28.6 A Failed Attempt: Just Using Loads/Stores

如果没有硬件的支持，想通过 flag 来达到锁的目的，例如：

typedef struct __lock_t { int flag; } lock_t;

void init(lock_t *mutex) {
	// 0 -> lock is available, 1 -> held
	mutex->flag = 0;
}

void lock(lock_t *mutex) {
	while (mutex->flag == 1) // TEST the flag
	; // spin-wait (do nothing)
	mutex->flag = 1; // now SET it!
}

void unlock(lock_t *mutex) {
	mutex->flag = 0;
}

一个线程执行lock()后，全局mutex->flag被置 1，其他所有线程试图通过lock()获取锁时，会阻塞 spin-wait。

这样的实现也会有并发的问题，在 while 判断通过后切换了线程，这样两个线程可能同时都对 flag 置 1：

28.7 Spin Locks with Test-And-Set

接下来几小节会介绍几种实现锁的硬件支持指令，包括：

Test-And-Set
Compare-And-Swap
Load-Linked and Store-Conditional
Fetch-and-Add

硬件会支持一种 TestAndSet原子交换指令，读出和写入内存地址是原子操作，不会被其他进程打断。一开始锁的 flag 为 0，第一个线程调用 TestAndSet 会返回 0，并且把 flag 置 1，可以跳出循环。后面的线程调用 TestAndSet 会返回 1，不断 spin。

int TestAndSet(int *old_ptr, int new) {
	int old = *old_ptr; // fetch old value at old_ptr
	*old_ptr = new; // store ’new’ into old_ptr
	return old; // return the old value
}

因此自旋锁利用原子交换，基本实现如下：

typedef struct __lock_t {
	int flag;
} lock_t;

void init(lock_t *lock) {
	// 0: lock is available, 1: lock is held
	lock->flag = 0;
}

void lock(lock_t *lock) {
	while (TestAndSet(&lock->flag, 1) == 1)
	; // spin-wait (do nothing)
}

void unlock(lock_t *lock) {
	lock->flag = 0;
}

在 lock 的时候使用原子交换指令。

28.9 Compare-And-Swap

另一种硬件原语 Compare-And-Swap。判断锁的 flag 是否和预期相同，相同则更新值。

int CompareAndSwap(int *ptr, int expected, int new) {
	int original = *ptr;
	if (original == expected)
	*ptr = new;
	return original;
}

利用该硬件原语，同样可以实现自旋锁：

void lock(lock_t *lock) {
	while (CompareAndSwap(&lock->flag, 0, 1) == 1)
	; // spin
}

28.10 Load-Linked and Store-Conditional

一些平台提供了实现临界区的指令，比如 MIPS 的 Load-Linked and Store-Conditional。其他平台也有类似的指令。

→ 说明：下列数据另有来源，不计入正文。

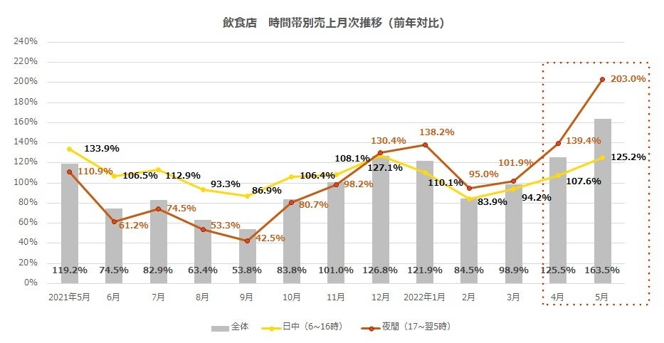 - 5月度の時間帯別売上は、日中帯の前年対比が125.2%、夜間帯が203%。4月度以上に夜間帯の回復が著しい。 (日中=6~16時、夜間=17~翌5時)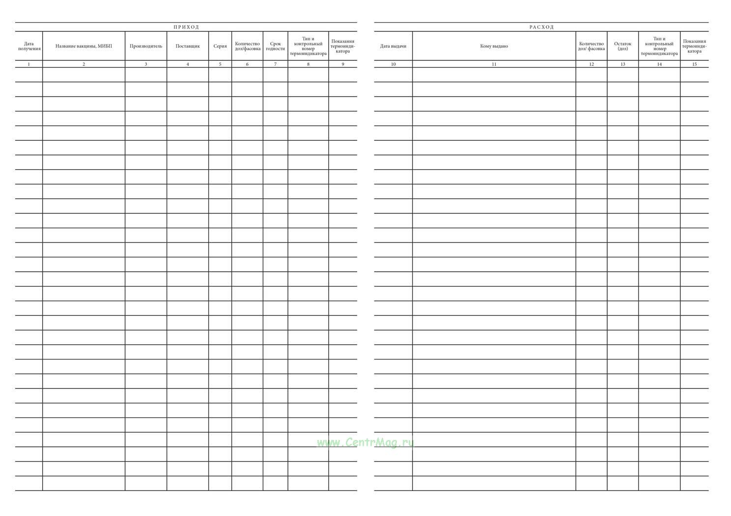 Форма журнала МИБП (означает медицинских иммунобиологических препаратов) определена Приложением 1 к МУ 3.3.2.2437—09 Применение термоиндикаторов для контроля температурного режима хранения и транспортирования медицинских иммунобиологических препаратов в системе «холодовой цепи».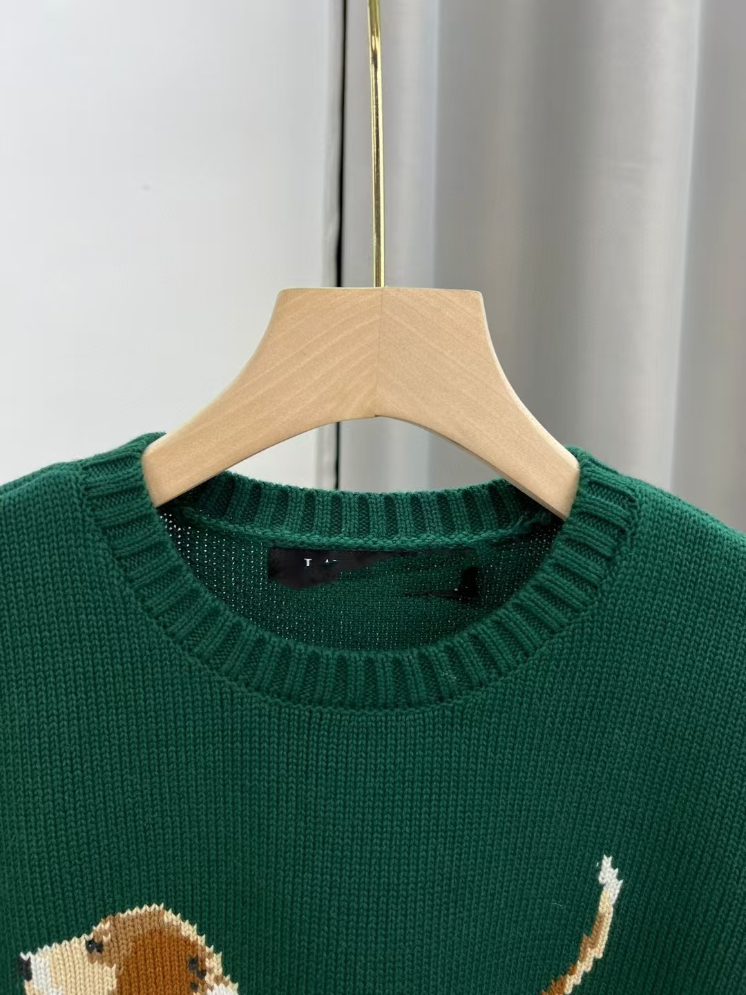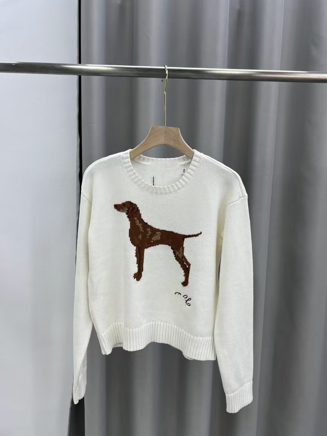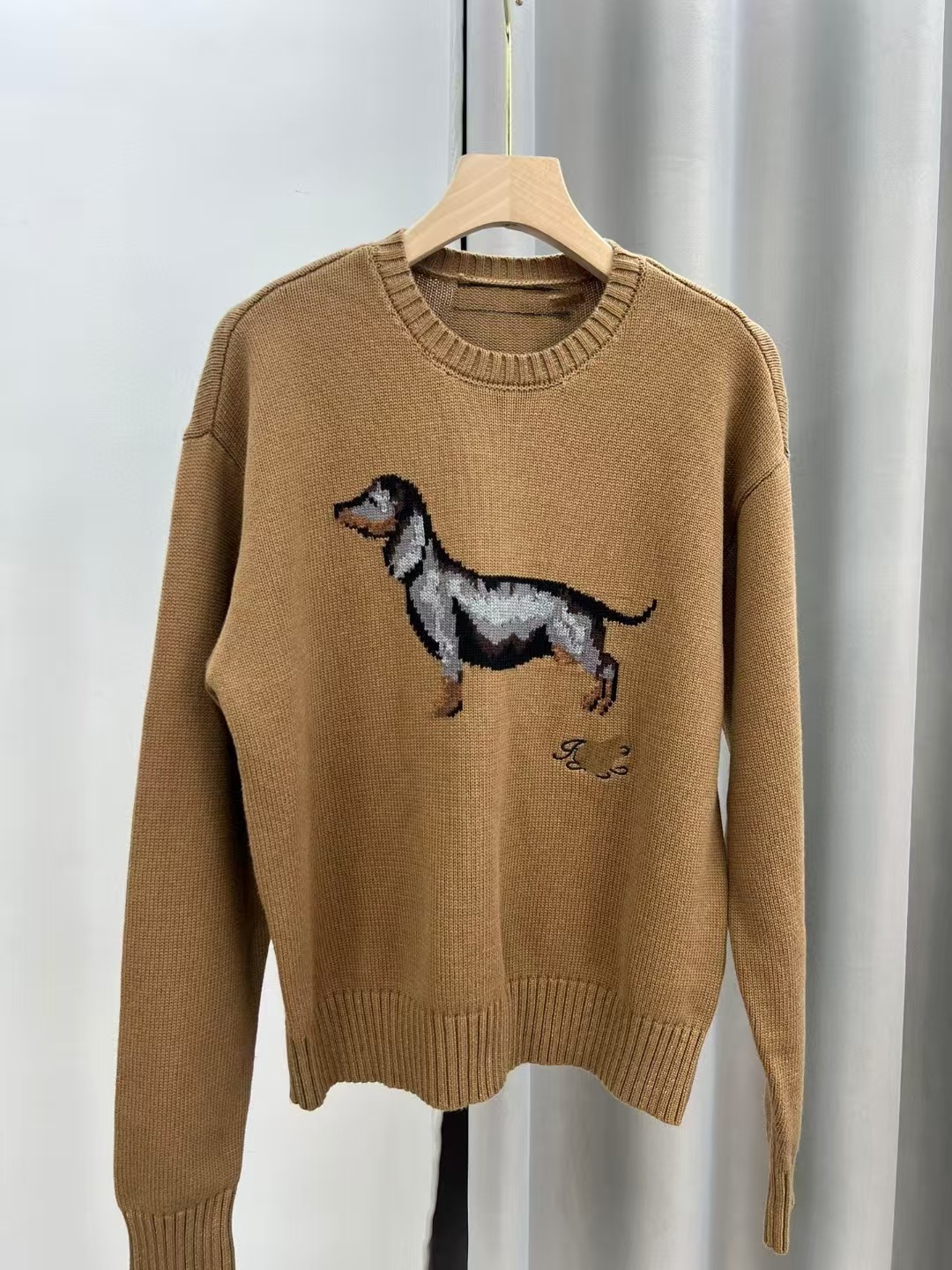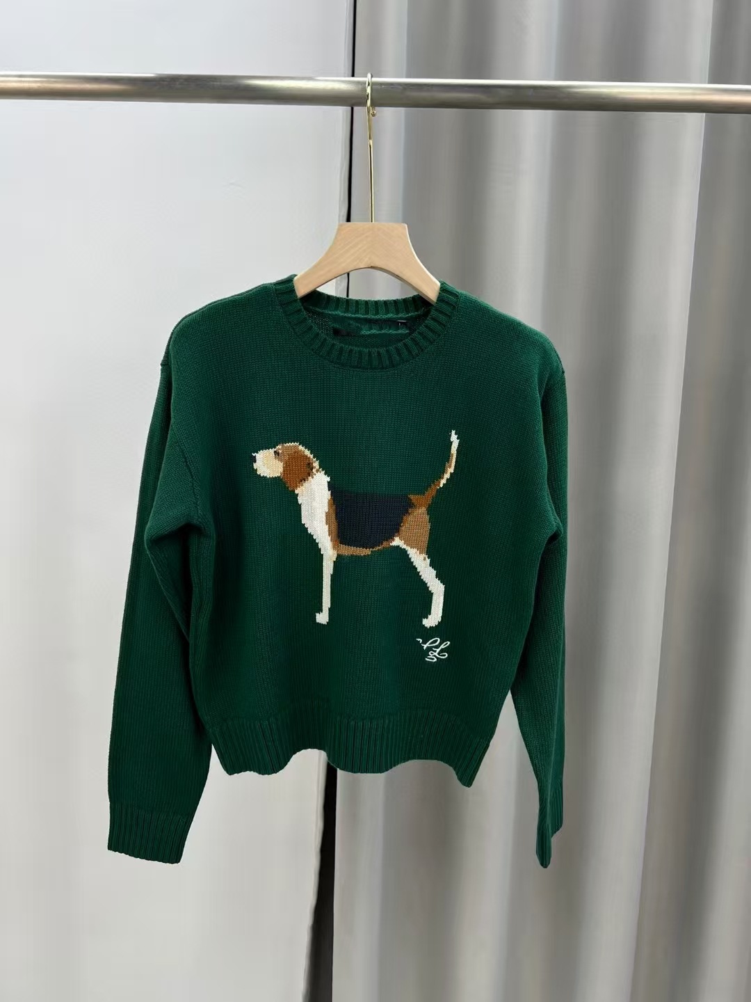 유럽과 미국의 R~L 여성용 순면 닥스훈트 자카드 패턴 하이웨이스트 짧은 라운드 넥 풀오버 니트 탑 스웨터스토어 가기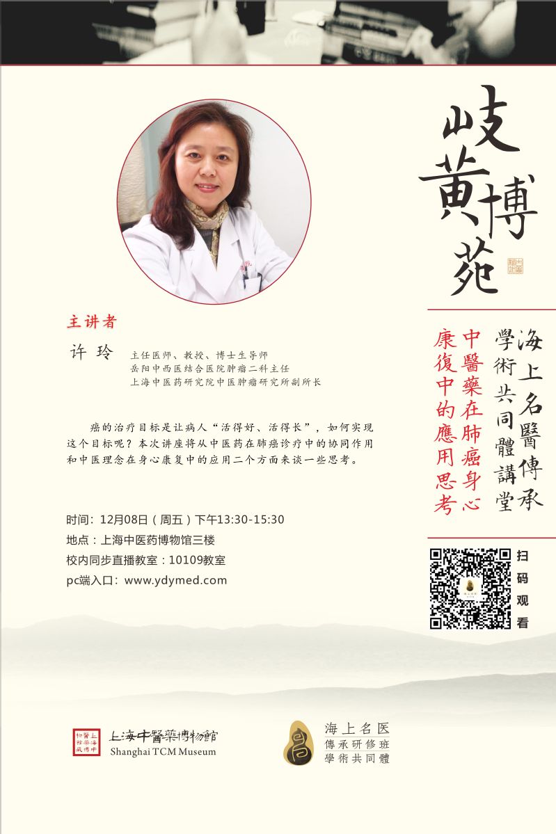 讲座:岐黄博苑|中医药在肺癌身心康复中的应用思考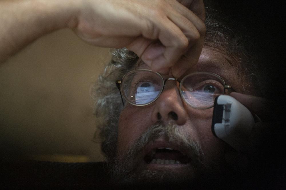 Greg Hall reacts as his internet connection fails 20 minutes before he's supposed to closedcaption a live broadcast TV program.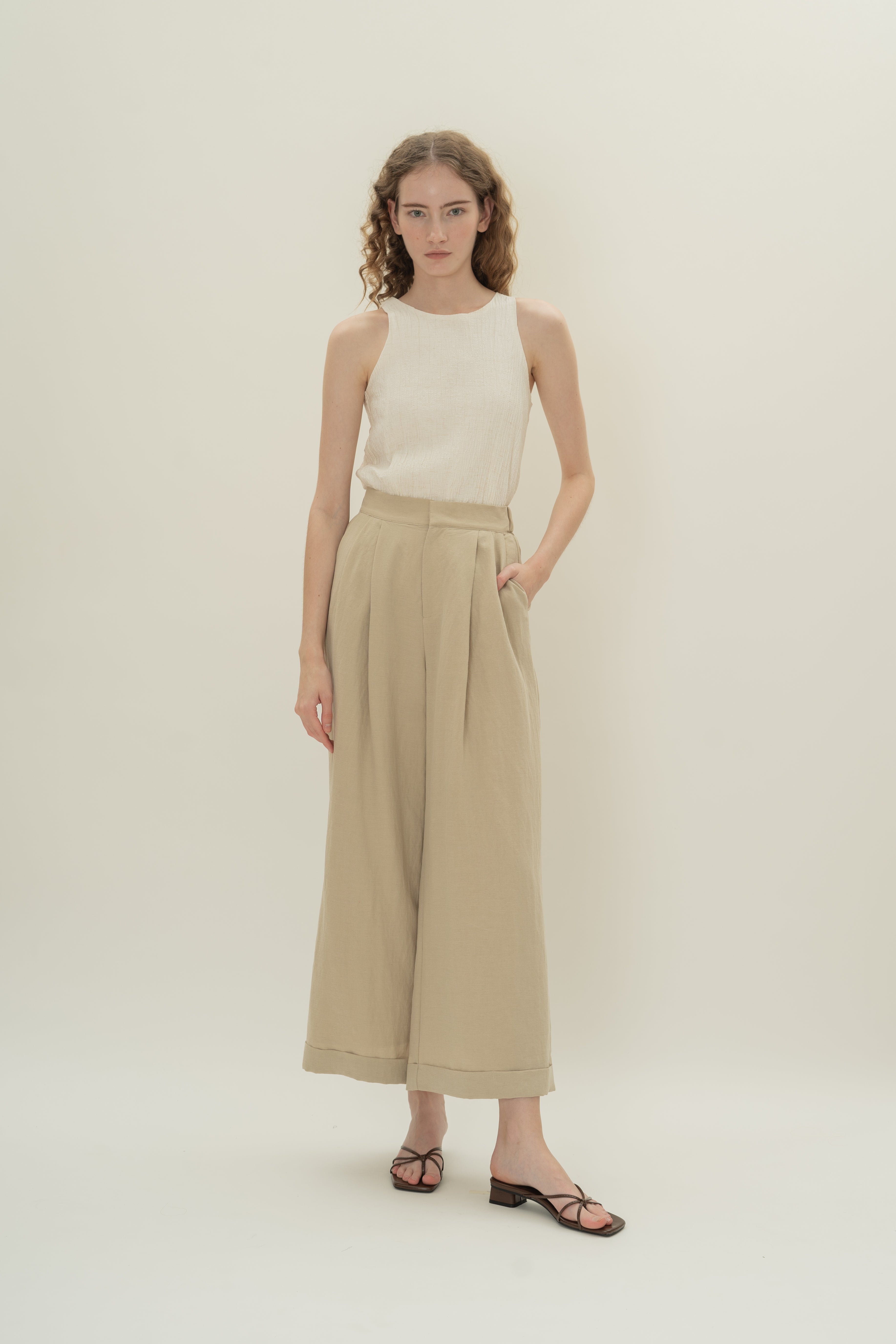 A softly tailored piece designed for all-day comfort. These wide-leg pants crafted from a breathable linen-polyester blend drapes easily to a gentle flare, with a pleated front that offers a soft, fluid shape, balanced with the ease of an elasticated back.

Load-Linked(LL)链接加载和普通 load 指令没什么不同。

Store-Conditional(SC)条件存储是只有上一次链接加载的地址在期间没有更新过，才能成功。

int LoadLinked(int *ptr) {
	return *ptr;
}

int StoreConditional(int *ptr, int value) {
	if (no update to *ptr since LL to this addr) {
		*ptr = value;
		return 1; // success!
	} else {
		return 0; // failed to update
	}
}

利用 LL 和 SC 实现锁：

void lock(lock_t *lock) {
	while (1) {
		while (LoadLinked(&lock->flag) == 1)
			; // spin until it’s zero
		if (StoreConditional(&lock->flag, 1) == 1)
			return; // if set-to-1 was success: done
			// otherwise: try again
	}
}

void unlock(lock_t *lock) {
	lock->flag = 0;
}

28.11 Fetch-And-Add

int FetchAndAdd(int *ptr) {
	int old = *ptr;
	*ptr = old + 1;
	return old;
}

利用该硬件原语，可以实现一种Ticket Lock，一种公平的锁。

typedef struct __lock_t {
	int ticket;
	int turn;
} lock_t;

void lock_init(lock_t *lock) {
	lock->ticket = 0;
	lock->turn = 0;
}

void lock(lock_t *lock) {
	int myturn = FetchAndAdd(&lock->ticket);
	while (lock->turn != myturn)
	; // spin
}
void unlock(lock_t *lock) {
	lock->turn = lock->turn + 1;
}

28.14 Using Queues: Sleeping instead of Spinning

前面的方法让拿不到锁的线程一直自旋，或者直接让出 CPU，都会浪费 CPU，也不能防止饿死。

提供一种将等待锁的线程加入队列的方法。

typedef struct __lock_t {
	int flag;
	int guard;
	queue_t *q;
} lock_t;

void lock_init(lock_t *m) {
	m->flag = 0;
	m->guard = 0;
	queue_init(m->q);
}

void lock(lock_t *m) {
	while (TestAndSet(&m->guard, 1) == 1)
		; //acquire guard lock by spinning
	if (m->flag == 0) {
		m->flag = 1; // lock is acquired
		m->guard = 0;
	} else {
		queue_add(m->q, gettid());
		m->guard = 0;
		park();
	}
}

void unlock(lock_t *m) {
	while (TestAndSet(&m->guard, 1) == 1)
		; //acquire guard lock by spinning
	if (queue_empty(m->q))
		m->flag = 0; // let go of lock; no one wants it
	else
		unpark(queue_remove(m->q)); // hold lock
	// (for next thread!)
	m->guard = 0;
}

park(): 让当前的线程进入 sleep。
unpark(): 唤醒指定 TID 的线程。

首先第一个线程调用lock()，此时m->guard==0，因此不会自旋等待，会执行

if (m->flag == 0)
{
	m->flag = 1; // lock is acquired
	m->guard = 0;
}

其他线程调用lock()，如果第一个进程执行了一半被中断，比如刚好执行到上面的m->flag = 1，而没有执行m->guard = 0, 那么其他线程会在TestAndSet()中自旋等待一小段时间，这只有几条指令的时间，因此自旋等待一会不是问题。

其他线程正常的流程会直接调用到:

else
{
	queue_add(m->q, gettid());
	m->guard = 0;
	park();
}

把当前线程加入队列，并且进入 sleep，因为进入的时候TestAndSet()把 guard 置为 1 了，其他线程在等待，在进入 sleep 前还需要把m->guard置 0。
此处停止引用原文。